In 2005, the House of Lords, (Lord Steyn) added their weight to the above approach in REGINA VS SONEJI AND ANOTHER: [2005] UKHL 49 (HK publications on Internet); asserting that:

“……………the emphasis ought to be on the consequences of non-compliance, and posing the question whether Parliament can be fairly taken to have intended total invalidity.”

The above was also the view of the Australian High Court as expressed in PROJECT BLUE SKY INC. VS. AUSTRALIAN BROADCASTING AUTHORITY [1998] 194 CLR 355.

The Uganda Supreme Court adopted and applied the above approach in the SITENDA SEBALU VS SAM.K. NJUBA & ANOTHER ELECTION PETITION APPEAL NO.26 OF 2007.

We accordingly apply the same principles to this application. In our considered view it is necessary that the trial court that handled the revision is the first one to express itself as to whether or not there are any matters, whether of law or fact, that deserve to be addressed by the appellate court in the intended appeal.

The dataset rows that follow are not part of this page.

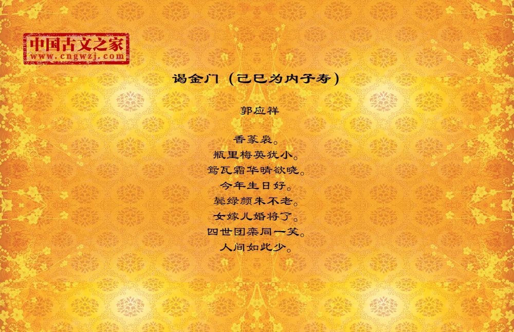 香篆袅。瓶里梅英犹小。鸳瓦霜华晴欲晓。今年生日好。鬓绿颜朱不老。女嫁儿婚将了。四世团栾同一笑。人间如此少。
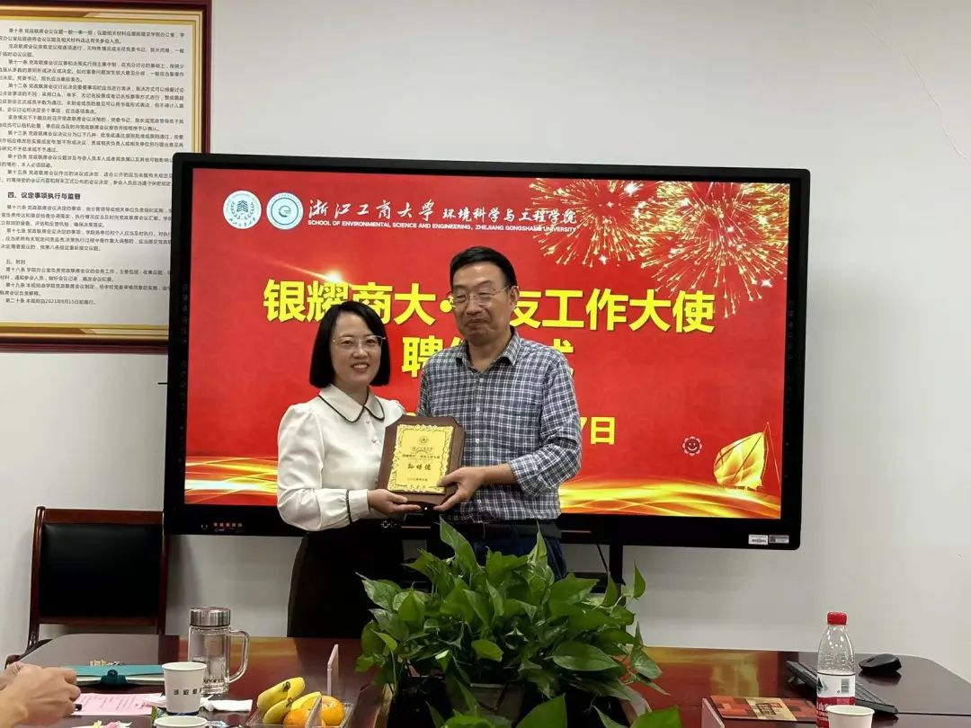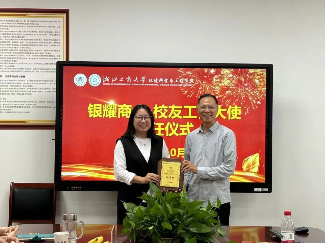 紧接着,学院举行了一场庄重的浙江工商大学校友工作大使聘任仪式。狄瑞波书记对被聘为银耀商大·校友工作大使的孙培德教授、郭茂新教授和颜兵教授表示热烈的祝贺,并高度赞扬了他们长期以来对学院的坚定支持和卓越贡献。随后,汪美贞院长、狄瑞波书记和石周燕副书记分别为老教授们颁发聘书,并与他们合影留念,共同记录下这一荣耀时刻。
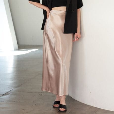 なめらかな落ち感とほどよい光沢が映える、すとんと縦に落ちるナローシルエット。
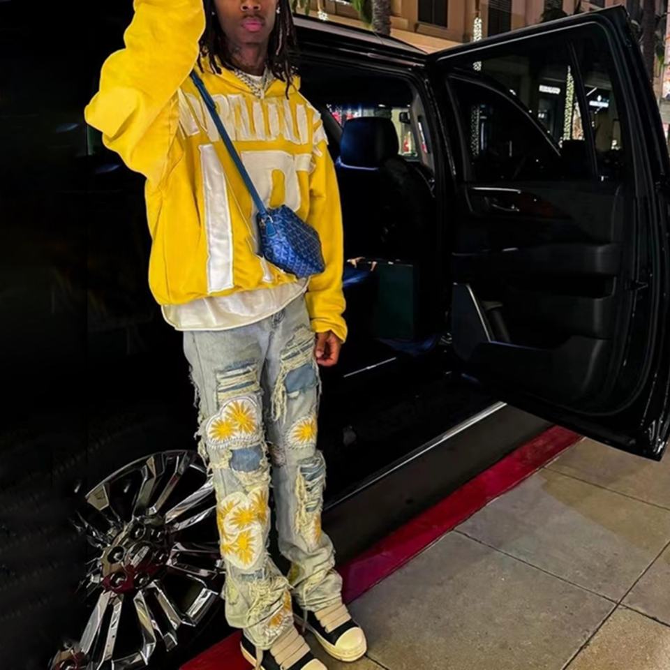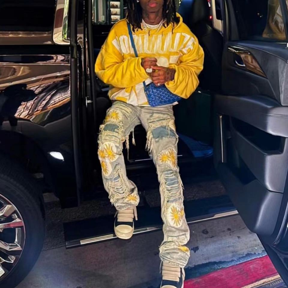 New Design Jeans Ripped Dirty Wash Destroy Ripped Distressed Patch Custom Jeans for Men
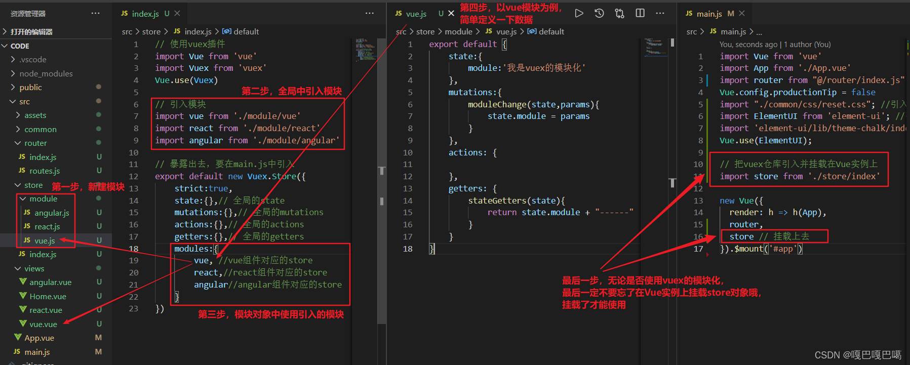提起模块化,思想还是那句话,大而化小,便于管理。很多语言都有模块化的应用,vuex也是一样。试想,如果所有的状态数据都写在一起,看着容易眼花缭乱,不便于管理。所以尤大老对于vuex的设计中,就做了模块化module的处理
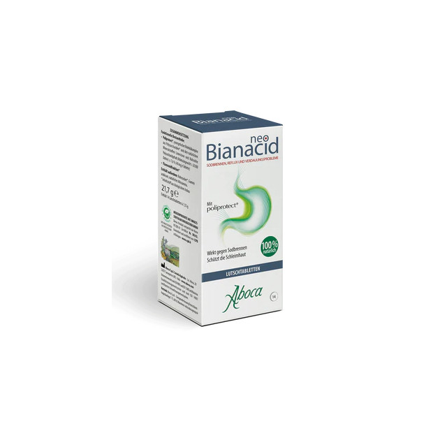 NeoBianacid ist ein Produkt auf Basis pflanzlicher und mineralischer Molekülkomplexe, das schützend und deshalb schmerzlindernd auf die Schleimhaut des Magens und der Speiseröhre wirkt und somit den typischen Symptomen gereizter und entzündeter Schleimhaut wie Sodbrennen, Schmerzen und Säuregefühl rasch entgegenwirkt.
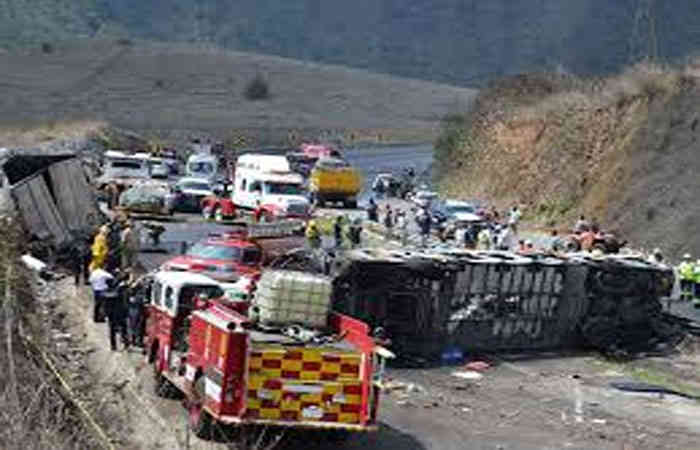 પૂર્વીય મેક્સિકોમાં બુધવારે એક ટ્રક અને બસ વચ્ચે જોરદાર ટક્કર થઈ હતી જેથી બંને વાહનોમાં આગ લાગી ગઈ હતી. આ દુર્ઘટનામાં ઓછામાં ઓછા ૨૧ લોકો મૃત્યુ પામ્યા હતા અને ૩૦ લોકો ઘવાયા હતા. અધિકારીઓએ જણાવ્યા પ્રમાણે અકસ્માત થયો તે બસમાં યાત્રાળુઓ સવાર હતા જેઓ તીર્થ યાત્રા બાદ પવિત્ર કેથોલિક સ્થળે પરત ફરી રહ્યા હતા.
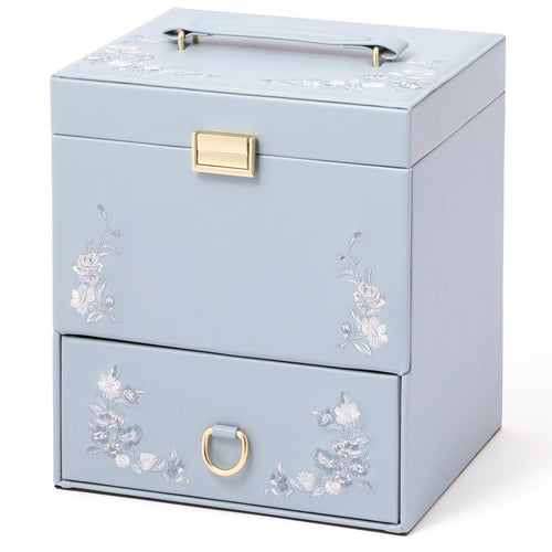 Embroidery Flower Cosmetic Box Blue
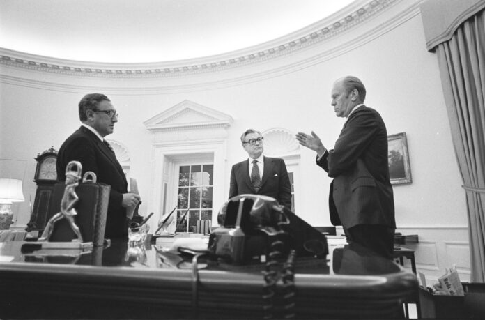Henry A. Kissinger nel 1975. In quell’anno, Kissinger era Segretario di Stato (il principale responsabile della politica estera USA) e fino a novembre anche Consigliere per la Sicurezza Nazionale. La carica di Segretario di Stato la mantenne dal 22 settembre 1973 al 20 gennaio 1977, sotto i presidenti Richard Nixon e Gerald Ford.
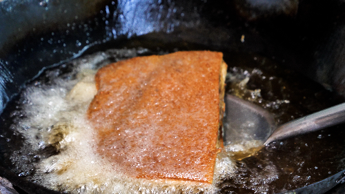 油炸:将五花腩肉皮面朝下,入锅油炸,油温控制到一百八十度至两百度,表皮油脂在高温中大量溶解
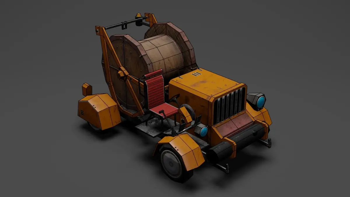 3d model of a cable laying machine with an empty borough. In style lowpole model. The product contains textures and consists of elements divided into three groups. The model is made in blender 3.4.1 and has 1276 polygons and 1552 vertices. The kit includes textures containing color, roughness, metallic and normals.
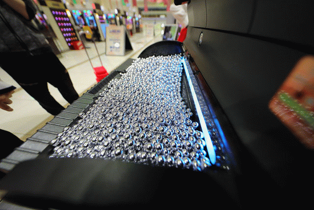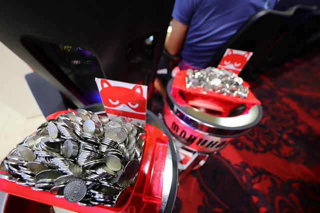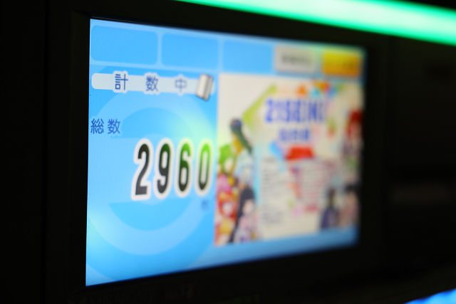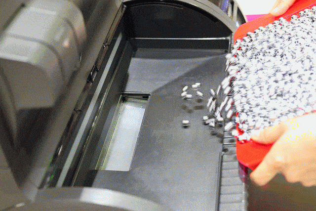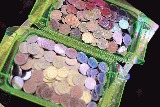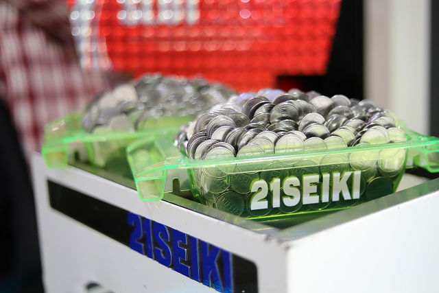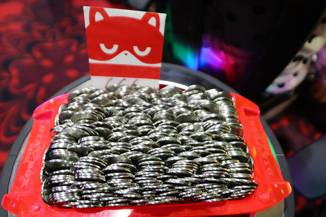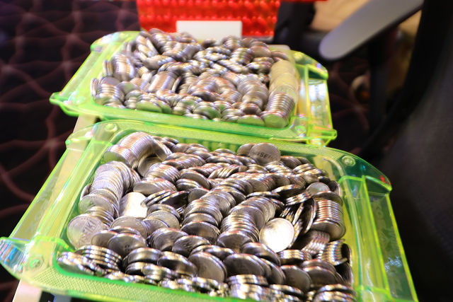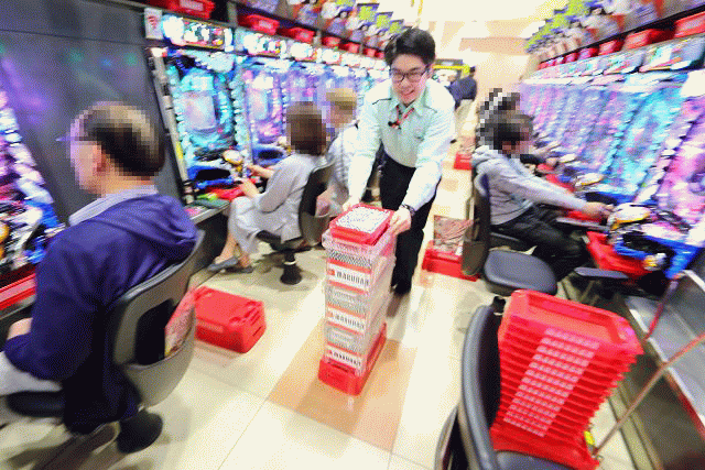 ファンによって作られたドル箱タワーが、スタッフにより丁寧に流し込まれる。
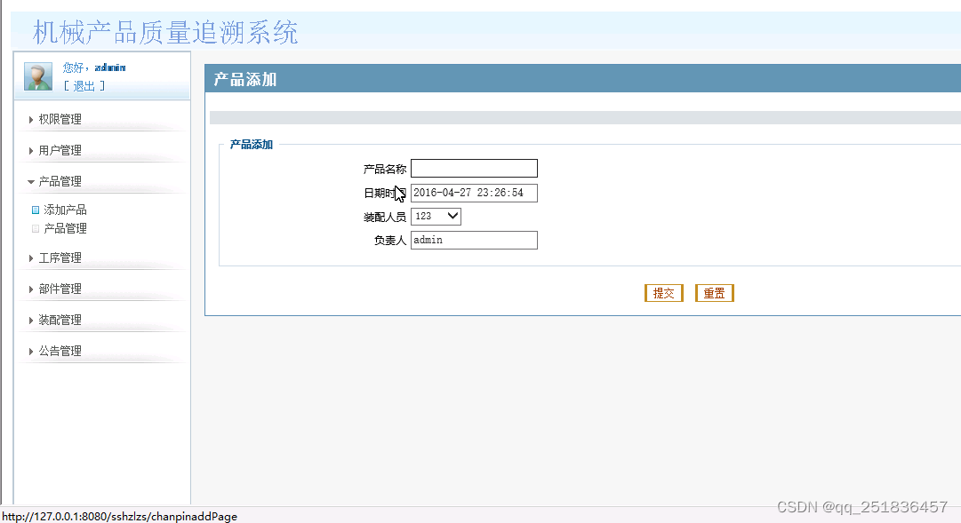 JSP 产品质量追溯管理统是一套完善的web设计系统(系统采用ssh框架进行设计开发),对理解JSP java编程开发语言有帮助,系统具有完整的源代码和数据库,系统主要采用B/S
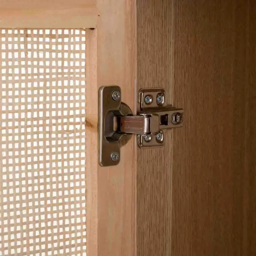 La structure élancée de cette armoire permet une intégration discrète même dans les espaces limités. Son association de bois chaleureux et de treillis raffiné illustre parfaitement la philosophie wabi-sabi qui célèbre la beauté dans l'imperfection et la simplicité. Idéale comme rangement d'appoint dans un couloir, bibliothèque d'appoint dans un bureau ou même table de chevet originale dans une chambre minimaliste.
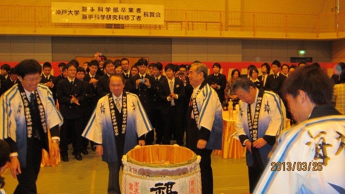 神戸大学理事挨拶に続き、海神会会長 西原興一郎様に祝辞、恒例の「薦被り」の鏡開きを
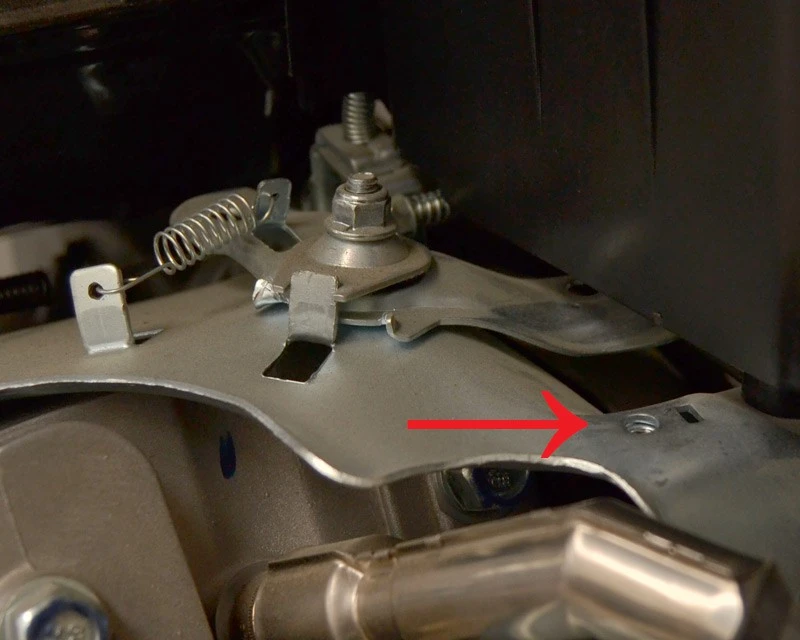 Låseplade til montering af gaskabel på diverse benzinmotorer. Pladen kan justeres i højden, så den kan gribe fast om gaskablets kappe.
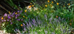 garden front purple geranium lavender poppies may 9 2022 – 1
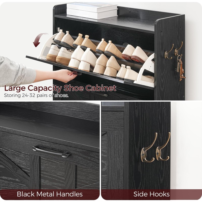 MAHANCRIS Shoe Storage Cabinet, Shoe Organizer with 2 Flip Drawers, Hidden Shoe Storage for Entryway, Freestanding Shoe Cabinet Organizer with Open Storages, Black SHHB9401
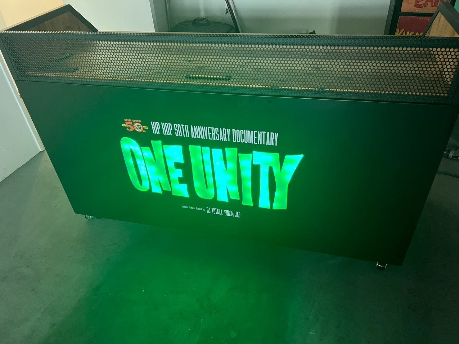 折り畳み式"ONE UNITY"オリジナルDJブースをセットし、Hip Hopには欠かせない重低音が響き渡るスピーカーから爆音を鳴らし、各地を代表するDJ、MC、ブレイカー、ライターを招き、地元のお店などにも出店して頂き、日本全国各地のHip Hopを愛する皆さんと、その街の皆さんで、Hip Hopのルーツから現在・未来繋がる街おこし的な放映会イベントを開催する事が楽しみで仕方ありません!!
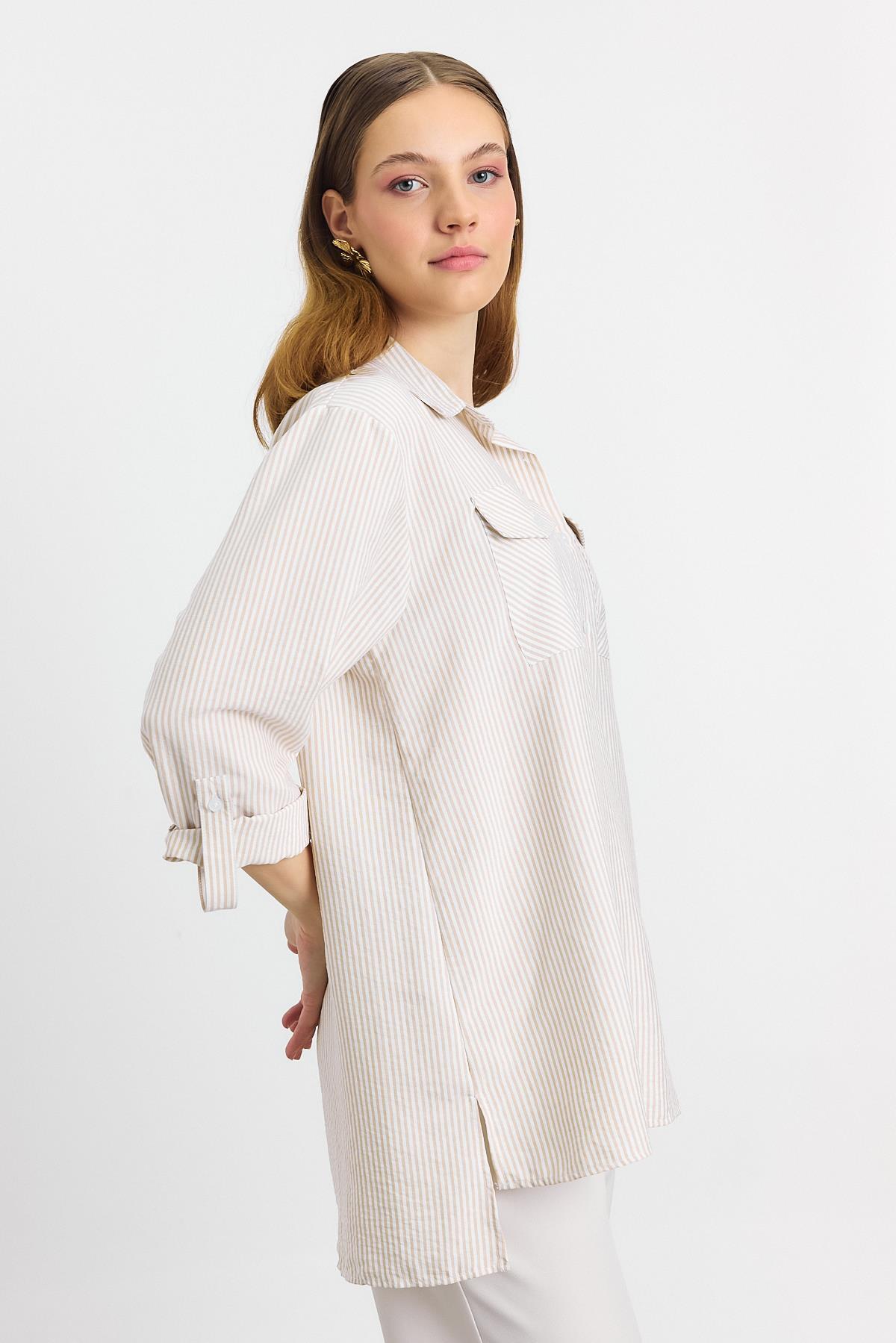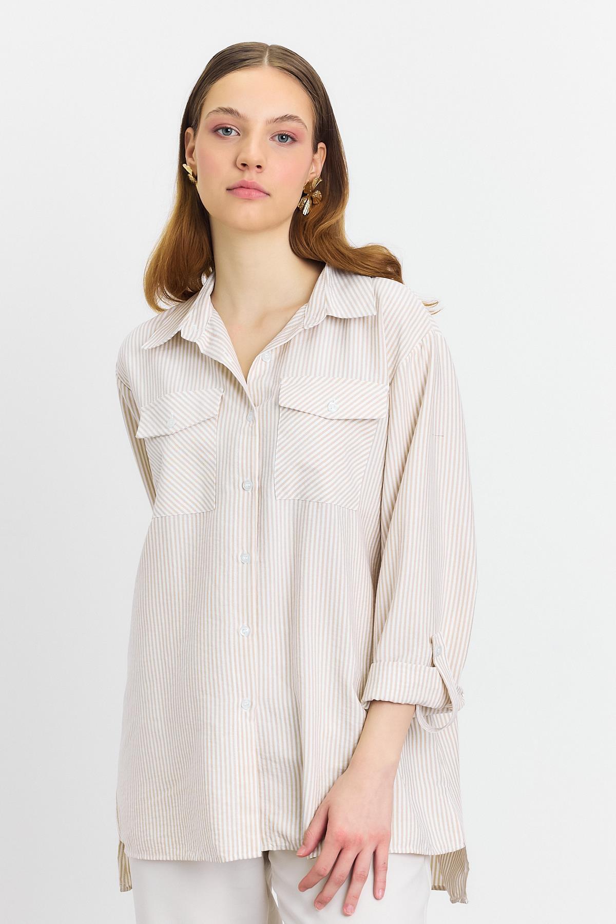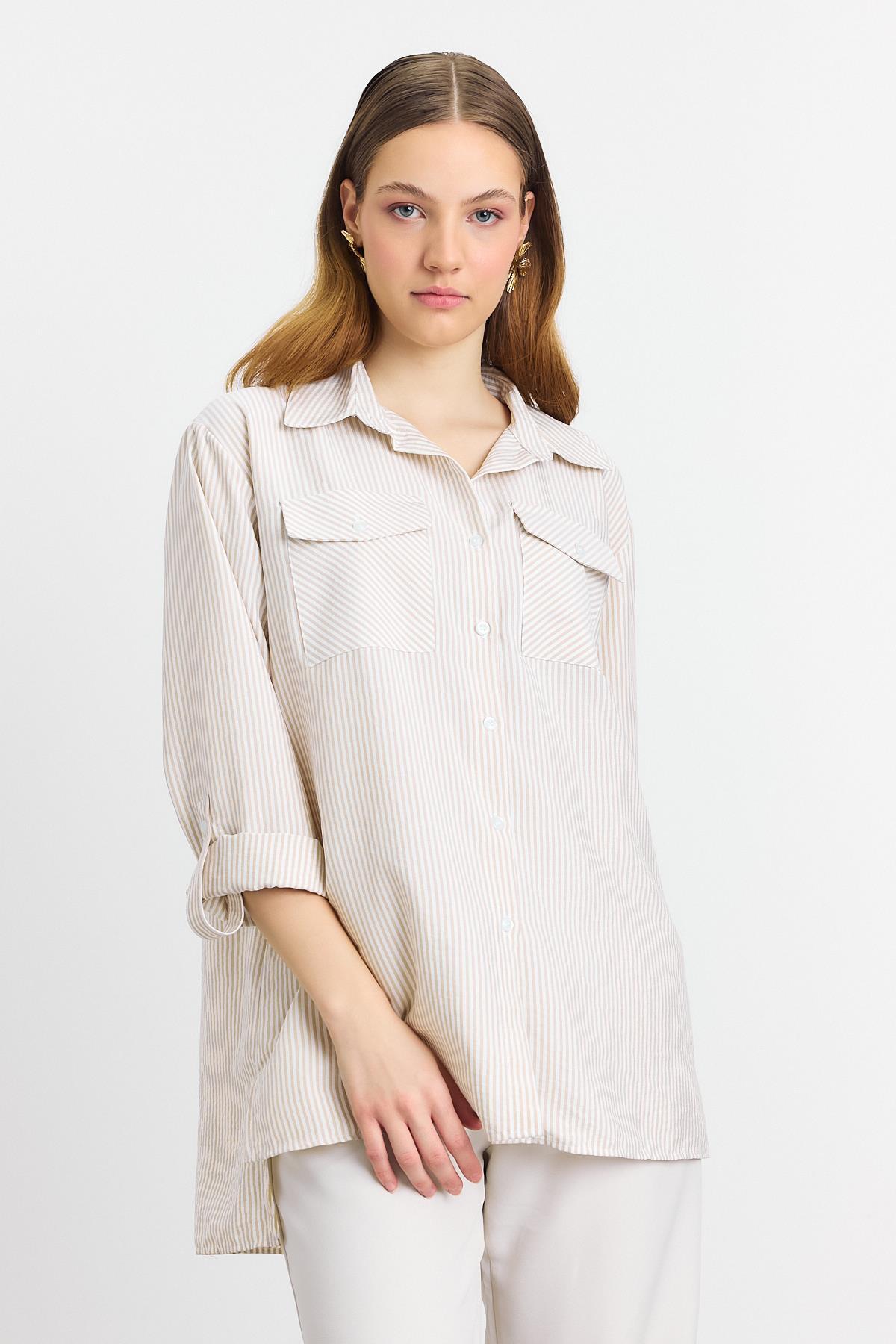 251152 Düğmeli Klasik Gömlek Bej - RAYS

While a party, should in the normal course of things, not be prevented from pursuing an appeal, it is also necessary to put in place mechanisms that prevent intended abuse of court process.

In this particular application, the applicant did not challenge the judgement entered in the Chief Magistrate’s Court of Mengo Civil Suit No.515 of 2008 on 05.02.08 until after more than three years later on 01.09.2010 when he resorted to a Revision in the High Court. This was dilatory conduct on the part of the applicant. Because of inaction on the part of the applicant, the decree holder enjoyed the fruits of the decree, without being stopped, and it will cause injustice to him now for court to undo what has been done in satisfaction of the decree in the said suit.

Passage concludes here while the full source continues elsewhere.